TASK REQUIREMENTS – Nothing but the lines from the one that holds "We constructed a" through the end of the material should be repeated, each exactly as it stands, and pictures stay out.

--- START ---

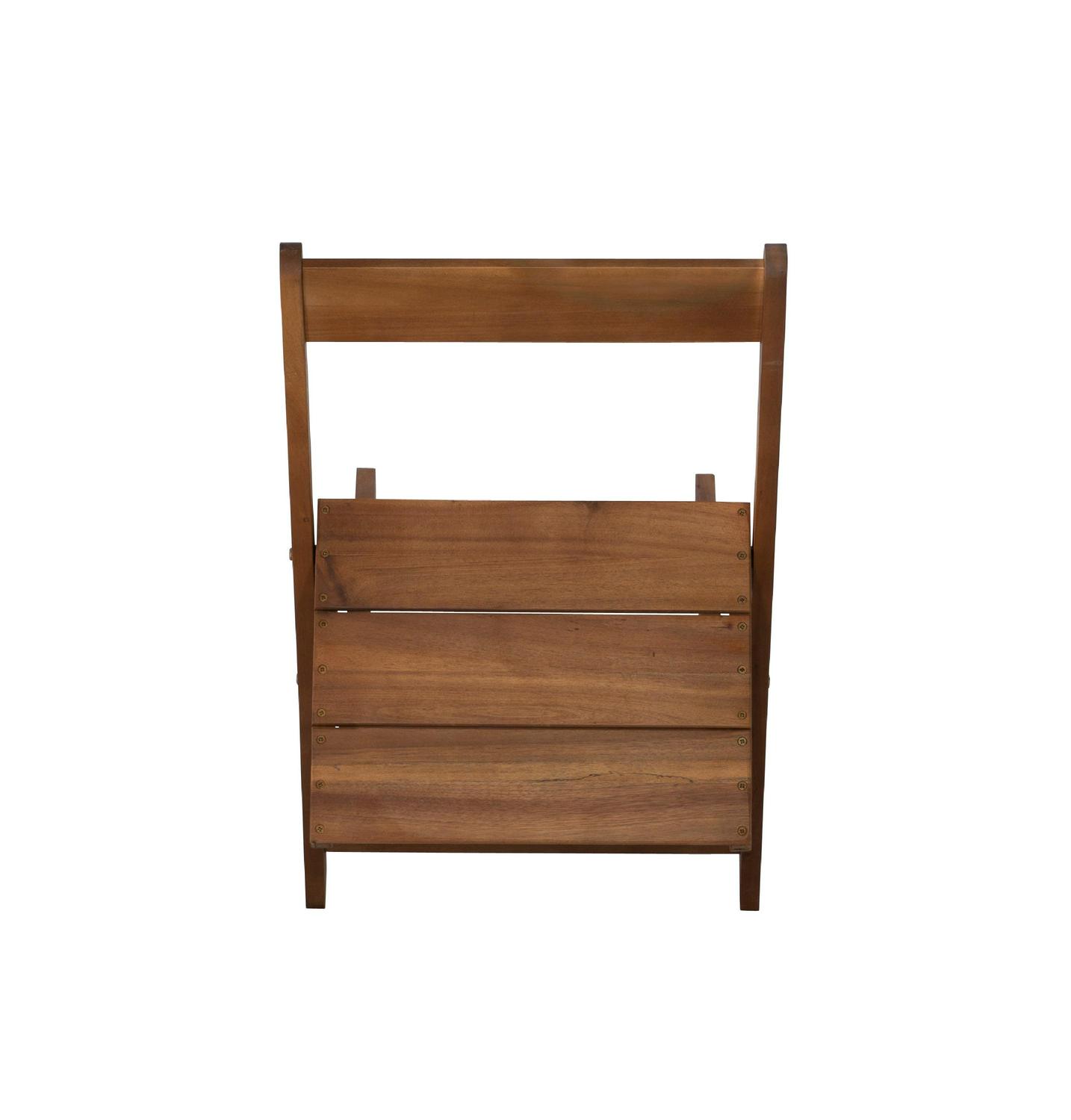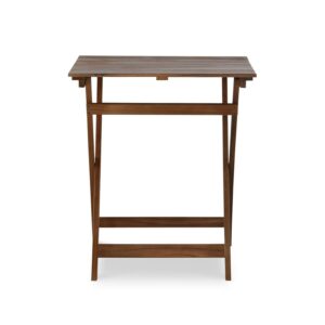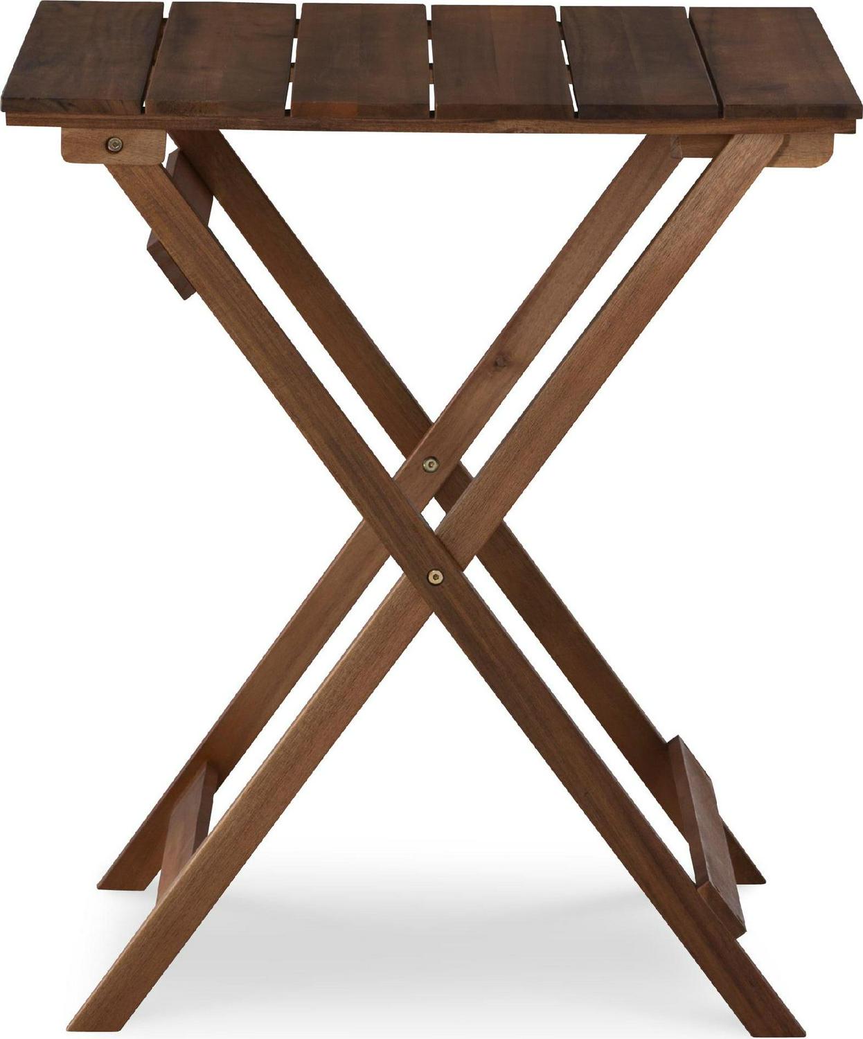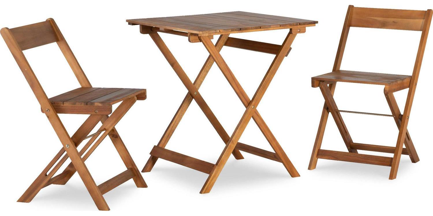 Crafted from solid acacia wood, this three-piece patio set features a classic plank design and warm brown finish. Durable wood construction ensures years of use while a convenient folding design offers easy storage during colder months. Choose from two colors for the shade that best suits your home.
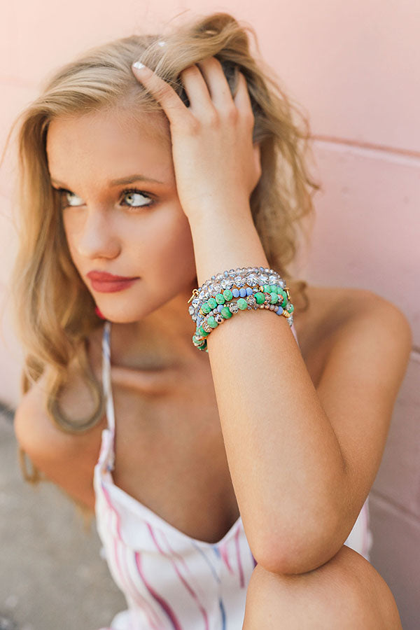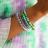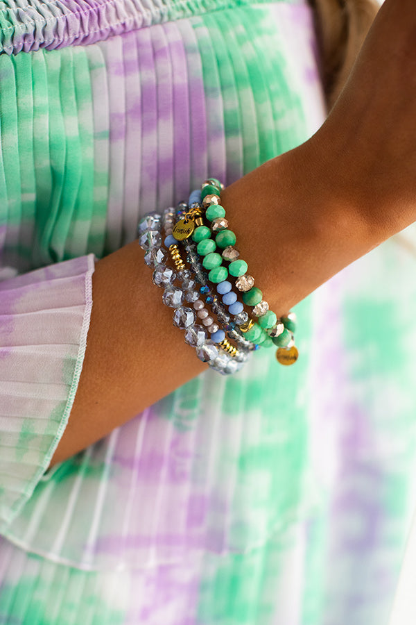 You will surely turn heads when you accessorize with our adorable "St. Martin Bracelet Set" featuring five pieces adorned with turquoise, purple, and gold beads with elastic silhouettes!
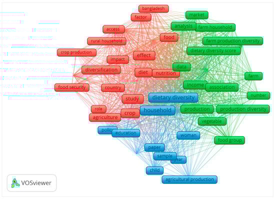 We constructed a visual keyword co-occurrence graph using VOS Viewer. Figure 5 shows three clusters, with different colors indicating each cluster in the figure. The first cluster contains twenty items, the second cluster contains eighteen items, and the last cluster contains twelve keywords. Specifically, the third cluster contains the essential keyword “diet diversity” and the diet status of particular populations, such as women, households, and children. In the first cluster, our study also found keywords related to the country name, such as Bangladesh, country, etc., reflecting the study’s specific origin. The second group of keywords shows the relationship with dietary diversity in the context of agricultural production diversity (association, relationship, and analysis) and the pathways to improve dietary quality (market, market access, and income).
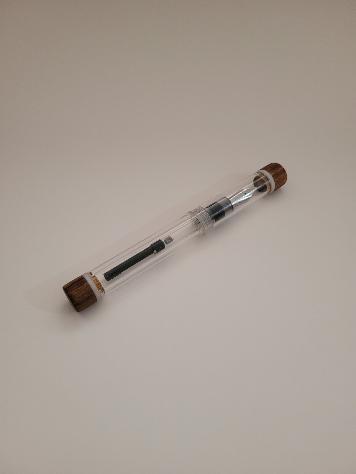 I would suggest making the tenons on the end of the acrylic, rather than the wood finials, and drilling the corresponding holes for the tenons into the finials. That way you don't end up with the overlapping materials and glue lines visible.
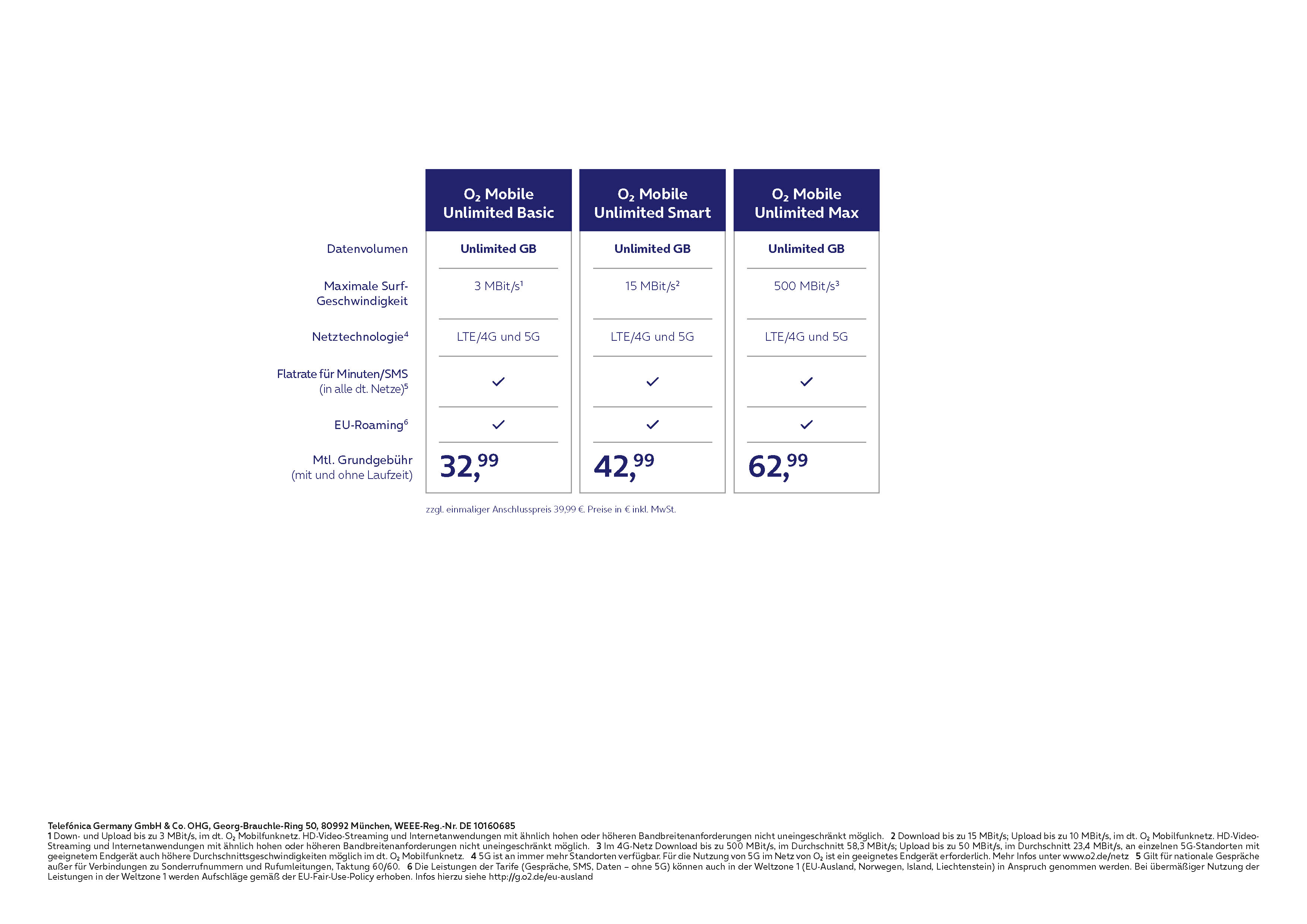 - Higher speeds also in the Unlimited tariffs: The O2 Mobile Unlimited Basic offers up to 3 Mbit/s in upload and download, the O2 Mobile Unlimited Smart up to 15 Mbit/s in download and 10 Mbit/s in upload. The O2 Mobile Unlimited Max remains unchanged at 500 Mbit/s download and 50 Mbit/s upload.

--- END ---

EXERCISE SOLUTION –
 We constructed a visual keyword co-occurrence graph using VOS Viewer. Figure 5 shows three clusters, with different colors indicating each cluster in the figure. The first cluster contains twenty items, the second cluster contains eighteen items, and the last cluster contains twelve keywords. Specifically, the third cluster contains the essential keyword “diet diversity” and the diet status of particular populations, such as women, households, and children. In the first cluster, our study also found keywords related to the country name, such as Bangladesh, country, etc., reflecting the study’s specific origin. The second group of keywords shows the relationship with dietary diversity in the context of agricultural production diversity (association, relationship, and analysis) and the pathways to improve dietary quality (market, market access, and income).
 I would suggest making the tenons on the end of the acrylic, rather than the wood finials, and drilling the corresponding holes for the tenons into the finials. That way you don't end up with the overlapping materials and glue lines visible.
 - Higher speeds also in the Unlimited tariffs: The O2 Mobile Unlimited Basic offers up to 3 Mbit/s in upload and download, the O2 Mobile Unlimited Smart up to 15 Mbit/s in download and 10 Mbit/s in upload. The O2 Mobile Unlimited Max remains unchanged at 500 Mbit/s download and 50 Mbit/s upload.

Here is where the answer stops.